In its annual report on the situation and outlook for public finances, the Court of Auditors considers that the government must

There is an urgent need to react. For the Court of Auditors, the government should not wait to program "in the long term" the effort to deleverage public finances, while the public debt will soar this year under the effect of the crisis. While the government is counting on a rebound in growth as early as next year to reduce the debt - and excludes, for example, any tax hike - the Court considers a "recovery effort", particularly in public spending, essential, in its annual report on the situation and prospects of public finances.

>> INTERVIEW - Pierre Moscovici: "I believe that a debt must always be repaid"

"The spontaneous rebalancing of public accounts will, in all likelihood, only be very partial: without recovery action, the deficit risks being durably very high (...). The debt trajectory would then not be under control" , warn the wise men of rue Cambon. The government expects a historic recession of -11% this year, with public debt swelling to nearly 121% of gross domestic product (GDP), before a rebound in the economy next year. But for the Court, "we must not expect everything" from growth, because even the most optimistic scenario of a rapid recovery will not allow France to return to its pre-crisis debt level by 2030. And this one, bordering on 100% of the GDP was already considered worrying before the crisis by the Court, which drives the point home in this report. 

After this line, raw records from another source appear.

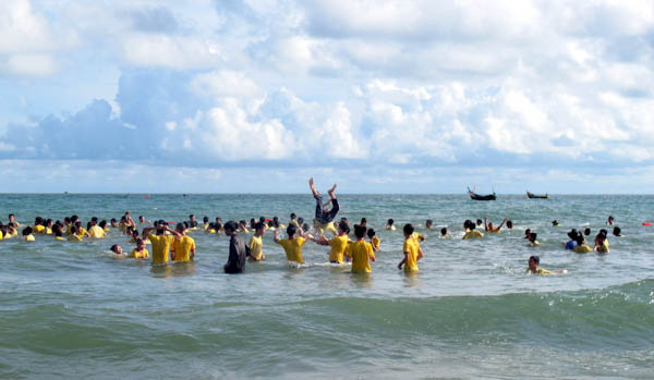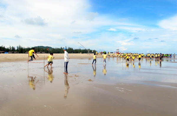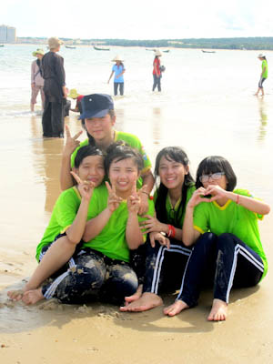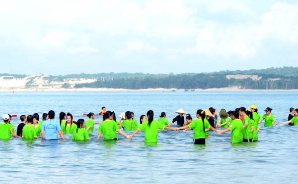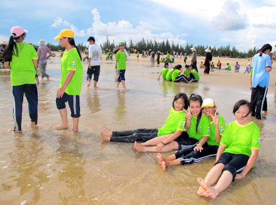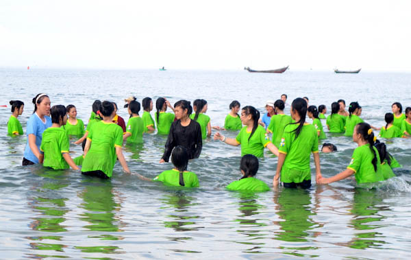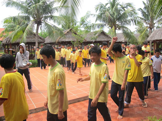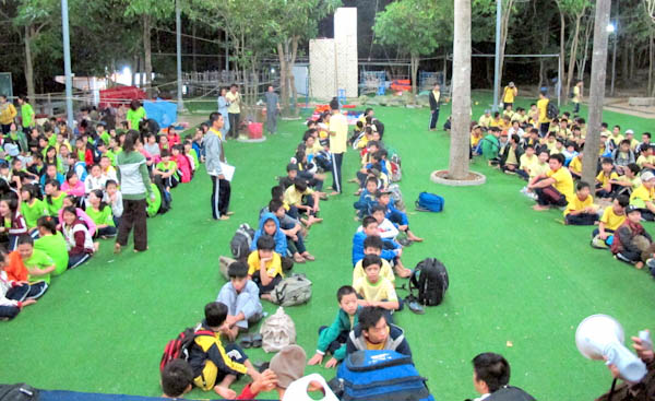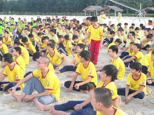 Vừa đến nơi, sau khi Ban Tổ Chức phân chia khu vực sinh hoạt của các Chánh thì các em tập trung ra bãi biển vận động và hít thở không trong lành của biển. Lúc này, tâm hồn các em được rộng mở như muôn trùng sóng vỗ. Những âm thanh của sóng, của gió làm xôn xao lòng người. Có đến nơi biển rộng trời cao dạt dào, các em mới thực sự tìm thấy mình trong sức sống mạnh mẽ với những khát khao thánh thiện của tuổi trẻ, trong một trái tim biết đồng cảm. Điều đó được biểu hiện trên nét mặt và nụ cười thân thiện của các em khi giao tiếp với nhau.
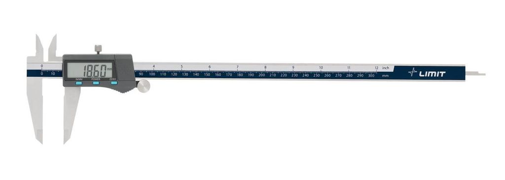 - Försett med rektangulär djupmåttsticka och spetsar för invändig mätning.
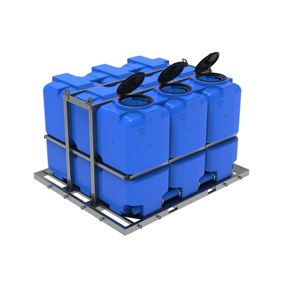 безопасная транспортировка: прочная обрешетка надежно фиксирует емкости, предотвращая их смещение в любом направлении, а низкий центр тяжести всей кассеты обеспечивает повышенную устойчивость транспортного средства в пути;

The effort "must not be too brutal not to break the recovery" but ...

"France has not tackled this crisis with restored public finances", she notes, pointing to recurrent "budget fatigue" from the various governments which have little reduced public spending and the deficit. But the Court does not defend an immediate tightening of the screw: the effort "must not be too brutal not to break the recovery but it must be continued with consistency to obtain tangible results", she estimates. It thus calls on the government to define a debt reduction trajectory in the future public finance programming law "at the latest" next spring. This would also allow France to show Brussels its goodwill, with a view to lifting the suspension of European budgetary rules.

>> EDITO -  Public expenditure: when the state does as it pleases

This trajectory should in particular provide for an "in-depth examination" of public expenditure, in order to favor investment expenditure, in particular in the ecological transition and health, in parallel with an "increased effort to control other expenditure", judges the Court. . In addition, "if further reductions in levies were to be envisaged (...) they should be accompanied by increases in other levies or the elimination of niches or find their counterpart in an even greater effort to control spending", she warns.